### RECORDS FOR THIS TASK ###

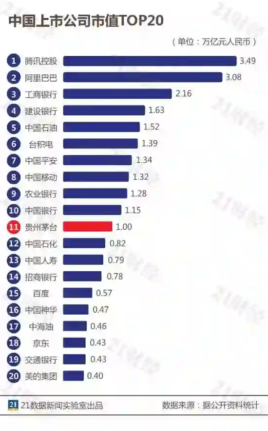 跻身A股上市公司市值排行榜第11位
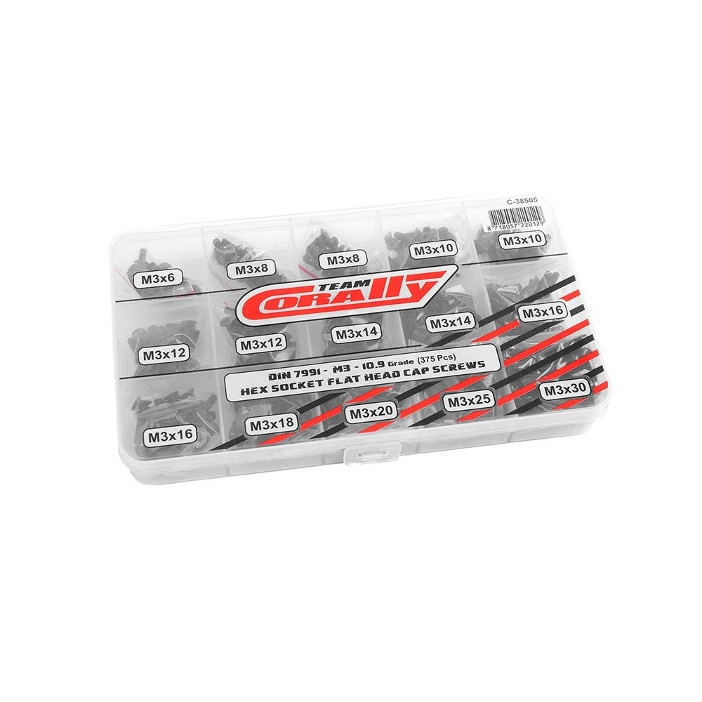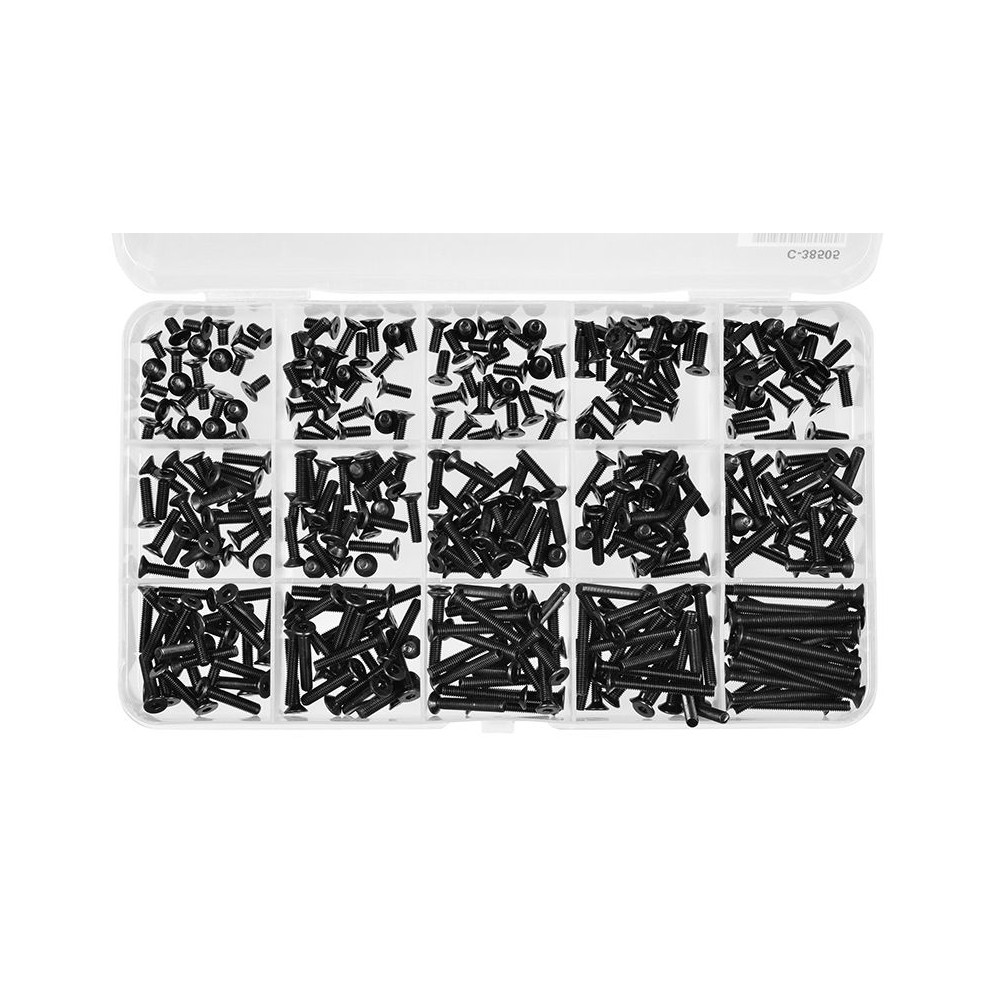 Imbus šrouby s zápustnou hlavou - sada/box - M3 - ocelové černé, 375 ks.
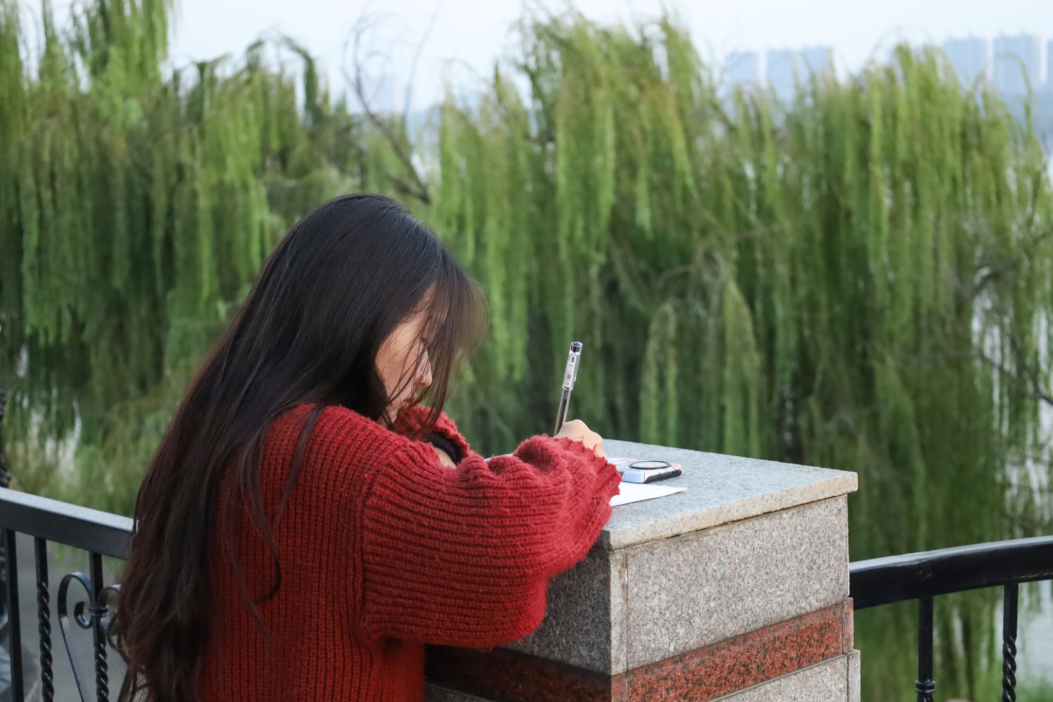 “夕阳磕破天空的墙壁,波涛随着风响起呼唤。”“岩石与钢铁铸成的轮渡,也在柳条掀起的长浪里颠簸。”……活动伊始,员工们三两结伴,行走在江边,围绕着落日、江水、柳树、轮渡等景象,寻找诗歌的灵感来源。“当我被江边落日的余晖笼罩全身时,灵感不禁浮现。” 中国语言文学类专业2023(8)班的解雨桐说。她坦言,她不是第一次进行诗歌创作,所以有一点的写作经验想要更好地进行创作,就需要一双善于发现美、感受美、欣赏美的眼睛,以及一颗能被平凡事物触动的心灵。
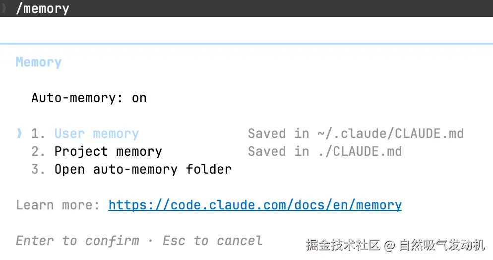 Memory 则是在 Claude 在对话中自动记下来的碎片信息------你纠正过它什么、你喜欢什么工作方式之类的。保存在 ~/.claude/projects/ 目录下,用 /memory 命令管理。
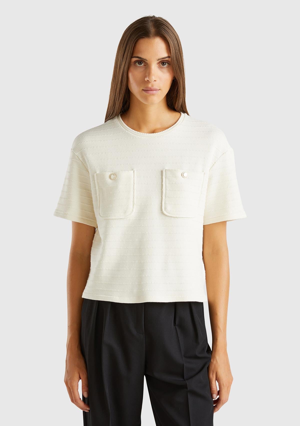 Kadın Krem Pamuk Karışımlı Önü Cep Detaylı Yuvarlak Yaka Kısa T-Shirt
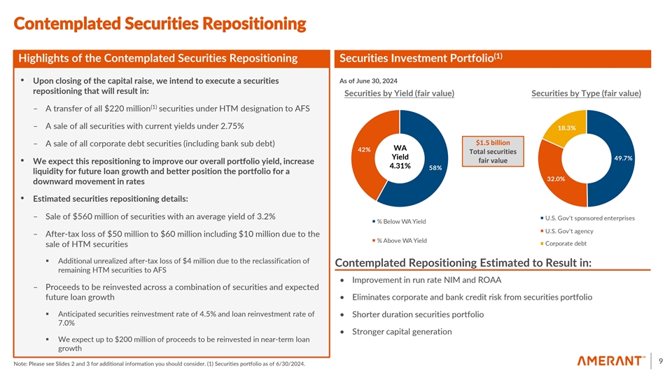 Exhibit 99.1 amerantbank.com Strategic Capital Raise September 2024
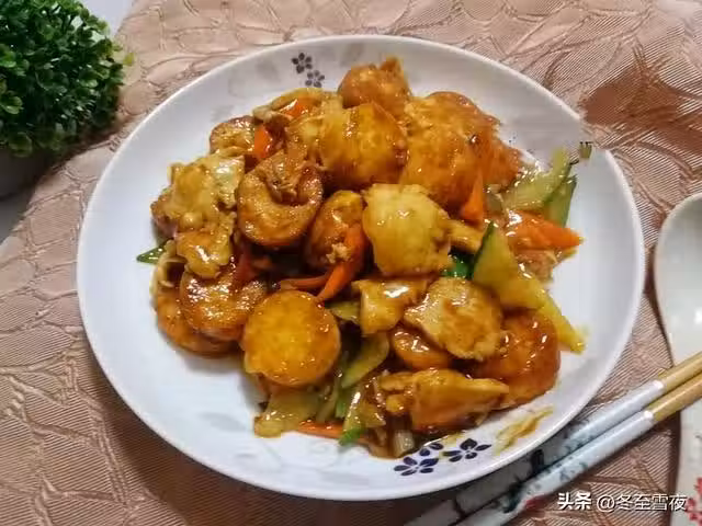 【雞片燒日本豆腐】所需材料:日本豆腐4個、黃瓜1/2根、胡蘿蔔1/2根、雞胸脯肉100克、油鹽適量、蔥1段、姜2片、大蒜2瓣、料酒1湯匙、醬油1湯匙、澱粉適量
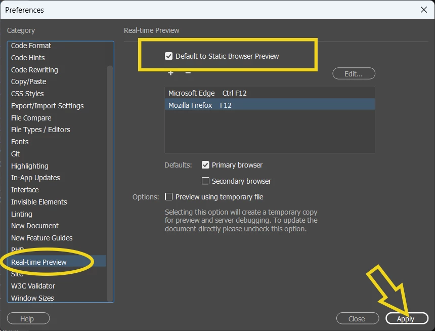 However, when I try to test a page in Dreamweaver with "Preview in browser" feature, the browser gets the local file (file:///D:/mySite/folder/subfolder/TMP1g3szin.htm), instead of the web address (http://mySite:8080/folder/subfolder/TMP1g3szin.htm )
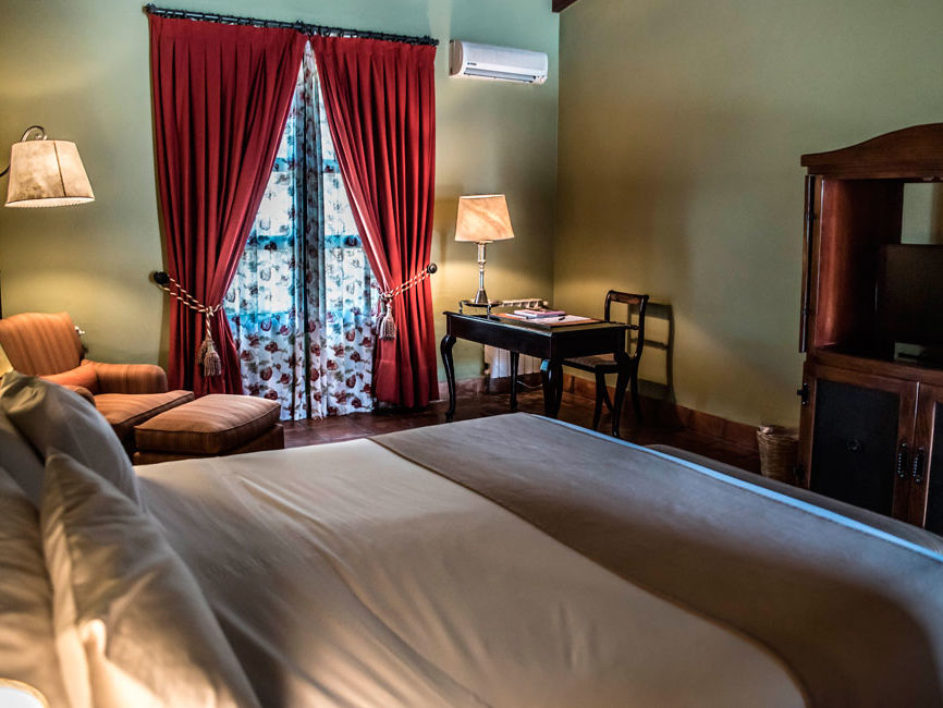 Een schitterend oud gebouw met een toren en een binnenplaats. Het lijkt op een oud klooster. Het is gemaakt van witgeschilderde klei. De inrichting van de kamers is vrij eenvoudig, maar wel stijlvol. Er zijn in totaal twaalf kamers. Op de vloer liggen ouderwetse plavuizen. De muren zijn wit en er is veel gebruik gemaakt van hout. De plafonds zijn ook van hout. De meubels doen antiek aan. Zes kamers kijken uit op de koloniale binnenplaats en zes kamers kijken uit op de omgeving. Er zijn enkele kamers met een tussendeur, ideaal voor families. Op een aantal kamers kan ook een extra bed geplaatst worden. In elke kamer is verwarming en een kluisje. In de badkamer is een douche.
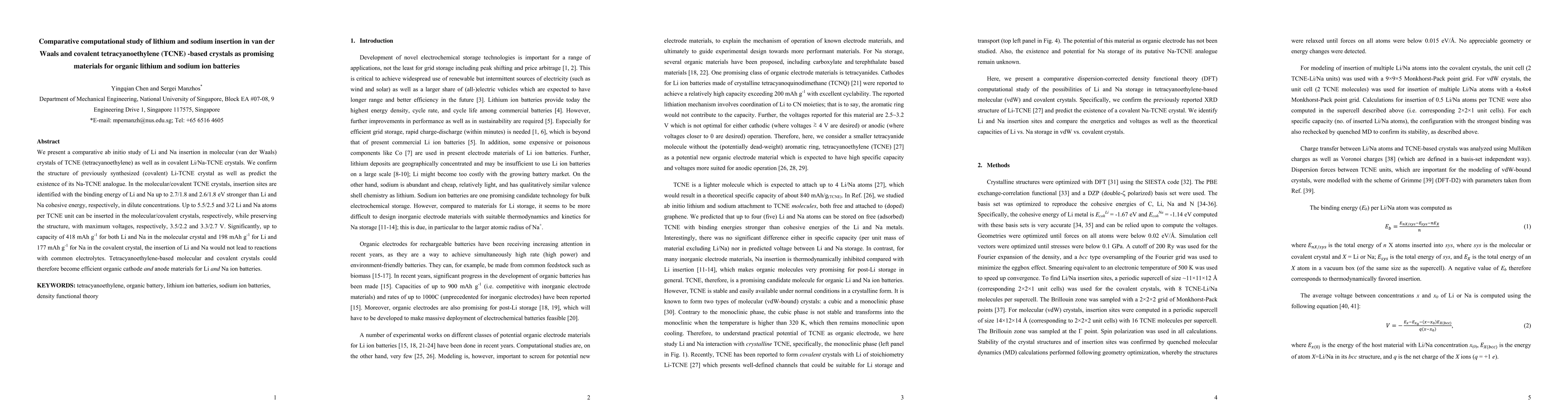The study uses ab initio computations to compare lithium and sodium insertion in tetracyanoethylene (TCNE) molecular and covalent crystals, confirming the structure of Li-TCNE and predicting Na-TCNE. Both Li and Na insertion maintains crystal structure with high binding energies and potential for high capacity, showing promise as efficient organic cathode and anode materials for Li and Na ion batteries without reacting with common electrolytes.
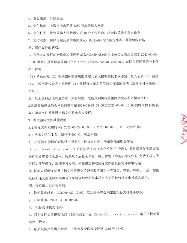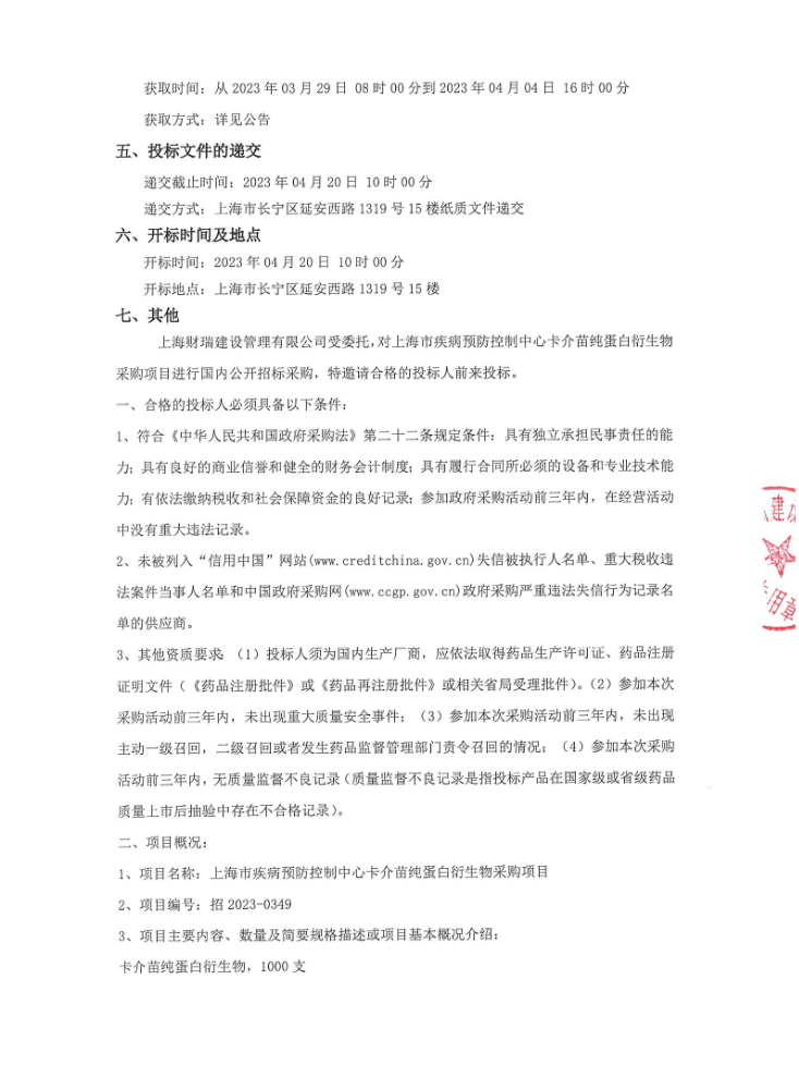 【上海市疾病预防控制中心】上海市疾病预防控制中心卡介苗纯蛋白衍生物采购项目(20230328)
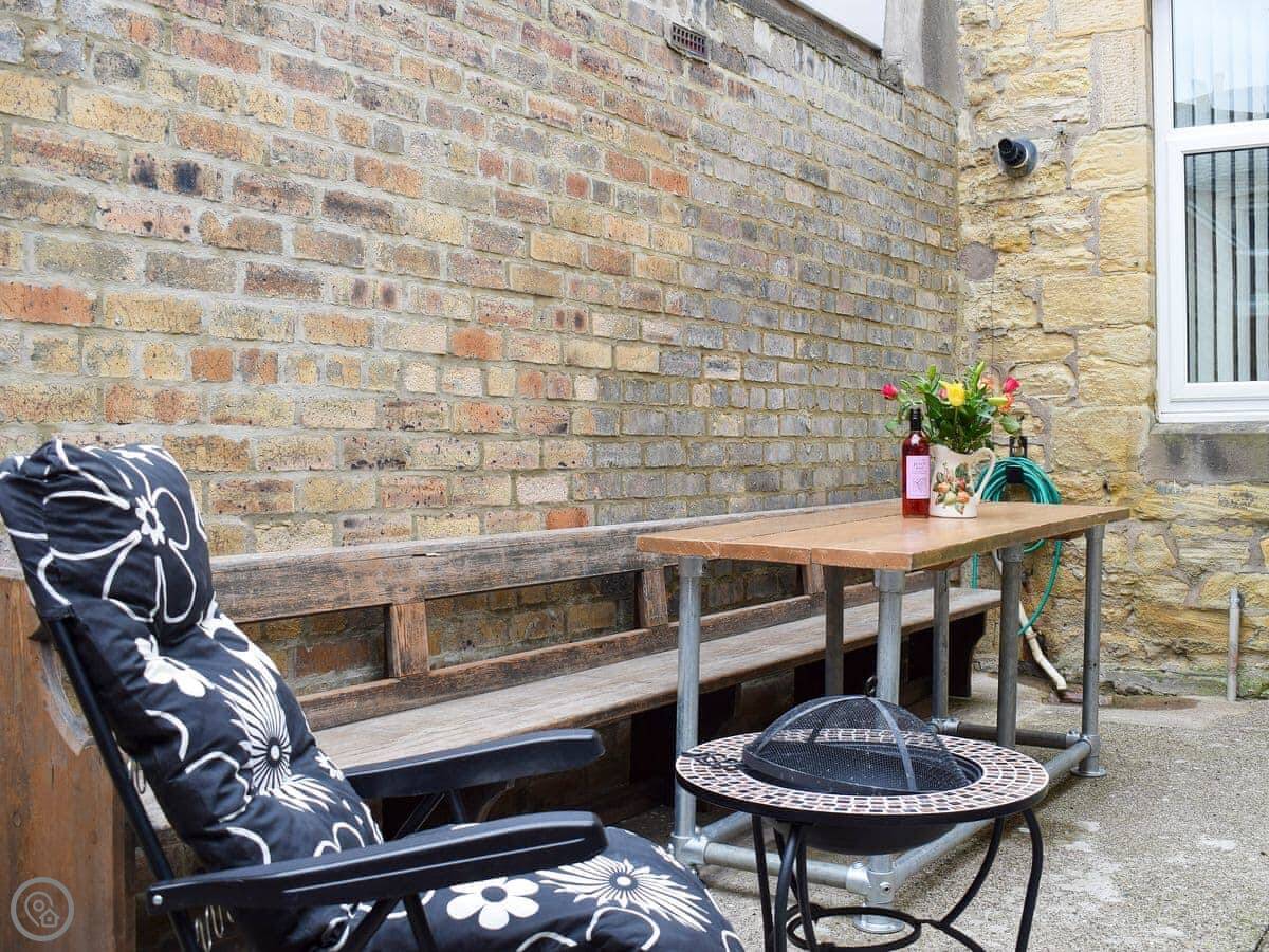 The back garden is a small, enclosed courtyard. There’s a patio set and a fire pit out there. It’s handy for a morning coffee or an evening drink, but it’s not a big lawn.
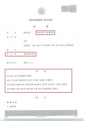피고인에게 180시간의 사회봉사 및 40시간의 성폭력 치료강의 수강을 명한다.
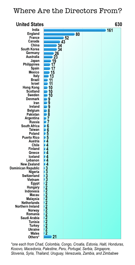 I opted to track where the directors were from instead of where the films were from for two reasons. One is that a person’s biography is simply more interesting than a movie’s. The other is that a lot of movies are international co-productions between two or more countries, and it’s a nebulous concept anyway. If the movie was made in Canada with Canadian funding, but the director, writer, and cast are all American, and it’s released by an American distributor, is that an American film or a Canadian one?
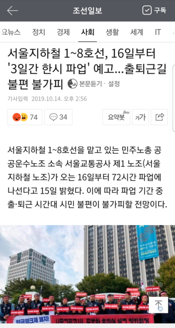 서울지하철 1~8호선, 16일부터 '3일간 한시 파업' 예고...출퇴근길 불편 불가피
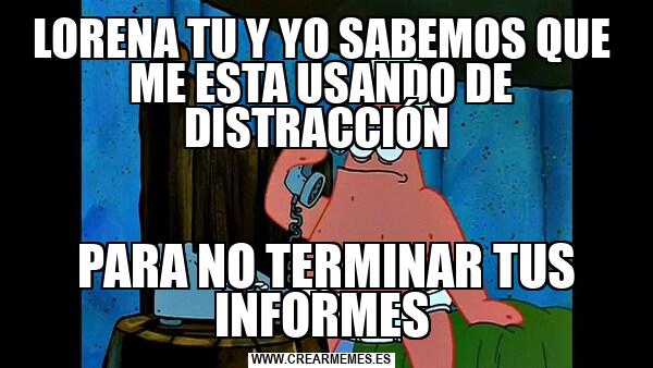 LORENA TU Y YO SABEMOS QUE ME ESTA USANDO DE DISTRACCIÓN PARA NO TERMINAR TUS INFORMES
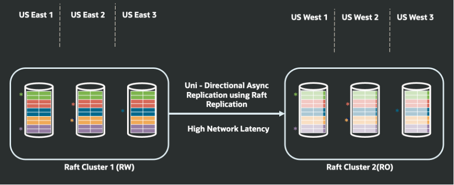 Single-region deployments can introduce a critical risk since they are one outage away from taking an entire application offline. To address this, organizations are increasingly adopting always-on distributed database architectures that span multiple regions. In addition to supporting local Raft-based replication in an active-active-active configuration, an upcoming release of Oracle Globally Distributed AI Database will also support multi-region resilience using Raft-based replication with an active-passive topology and unidirectional asynchronous replication, enabling data to be continuously replicated across regions.

###

TASK: From the first line to the last, return the records exactly and leave the pictures behind.

FINISHED TASK:
 跻身A股上市公司市值排行榜第11位
 Imbus šrouby s zápustnou hlavou - sada/box - M3 - ocelové černé, 375 ks.
 “夕阳磕破天空的墙壁,波涛随着风响起呼唤。”“岩石与钢铁铸成的轮渡,也在柳条掀起的长浪里颠簸。”……活动伊始,员工们三两结伴,行走在江边,围绕着落日、江水、柳树、轮渡等景象,寻找诗歌的灵感来源。“当我被江边落日的余晖笼罩全身时,灵感不禁浮现。” 中国语言文学类专业2023(8)班的解雨桐说。她坦言,她不是第一次进行诗歌创作,所以有一点的写作经验想要更好地进行创作,就需要一双善于发现美、感受美、欣赏美的眼睛,以及一颗能被平凡事物触动的心灵。
 Memory 则是在 Claude 在对话中自动记下来的碎片信息------你纠正过它什么、你喜欢什么工作方式之类的。保存在 ~/.claude/projects/ 目录下,用 /memory 命令管理。
 Kadın Krem Pamuk Karışımlı Önü Cep Detaylı Yuvarlak Yaka Kısa T-Shirt
 Exhibit 99.1 amerantbank.com Strategic Capital Raise September 2024
 【雞片燒日本豆腐】所需材料:日本豆腐4個、黃瓜1/2根、胡蘿蔔1/2根、雞胸脯肉100克、油鹽適量、蔥1段、姜2片、大蒜2瓣、料酒1湯匙、醬油1湯匙、澱粉適量
 However, when I try to test a page in Dreamweaver with "Preview in browser" feature, the browser gets the local file (file:///D:/mySite/folder/subfolder/TMP1g3szin.htm), instead of the web address (http://mySite:8080/folder/subfolder/TMP1g3szin.htm )
 Een schitterend oud gebouw met een toren en een binnenplaats. Het lijkt op een oud klooster. Het is gemaakt van witgeschilderde klei. De inrichting van de kamers is vrij eenvoudig, maar wel stijlvol. Er zijn in totaal twaalf kamers. Op de vloer liggen ouderwetse plavuizen. De muren zijn wit en er is veel gebruik gemaakt van hout. De plafonds zijn ook van hout. De meubels doen antiek aan. Zes kamers kijken uit op de koloniale binnenplaats en zes kamers kijken uit op de omgeving. Er zijn enkele kamers met een tussendeur, ideaal voor families. Op een aantal kamers kan ook een extra bed geplaatst worden. In elke kamer is verwarming en een kluisje. In de badkamer is een douche.
The study uses ab initio computations to compare lithium and sodium insertion in tetracyanoethylene (TCNE) molecular and covalent crystals, confirming the structure of Li-TCNE and predicting Na-TCNE. Both Li and Na insertion maintains crystal structure with high binding energies and potential for high capacity, showing promise as efficient organic cathode and anode materials for Li and Na ion batteries without reacting with common electrolytes.
 【上海市疾病预防控制中心】上海市疾病预防控制中心卡介苗纯蛋白衍生物采购项目(20230328)
 The back garden is a small, enclosed courtyard. There’s a patio set and a fire pit out there. It’s handy for a morning coffee or an evening drink, but it’s not a big lawn.
피고인에게 180시간의 사회봉사 및 40시간의 성폭력 치료강의 수강을 명한다.
 I opted to track where the directors were from instead of where the films were from for two reasons. One is that a person’s biography is simply more interesting than a movie’s. The other is that a lot of movies are international co-productions between two or more countries, and it’s a nebulous concept anyway. If the movie was made in Canada with Canadian funding, but the director, writer, and cast are all American, and it’s released by an American distributor, is that an American film or a Canadian one?
 서울지하철 1~8호선, 16일부터 '3일간 한시 파업' 예고...출퇴근길 불편 불가피
 LORENA TU Y YO SABEMOS QUE ME ESTA USANDO DE DISTRACCIÓN PARA NO TERMINAR TUS INFORMES
 Single-region deployments can introduce a critical risk since they are one outage away from taking an entire application offline. To address this, organizations are increasingly adopting always-on distributed database architectures that span multiple regions. In addition to supporting local Raft-based replication in an active-active-active configuration, an upcoming release of Oracle Globally Distributed AI Database will also support multi-region resilience using Raft-based replication with an active-passive topology and unidirectional asynchronous replication, enabling data to be continuously replicated across regions.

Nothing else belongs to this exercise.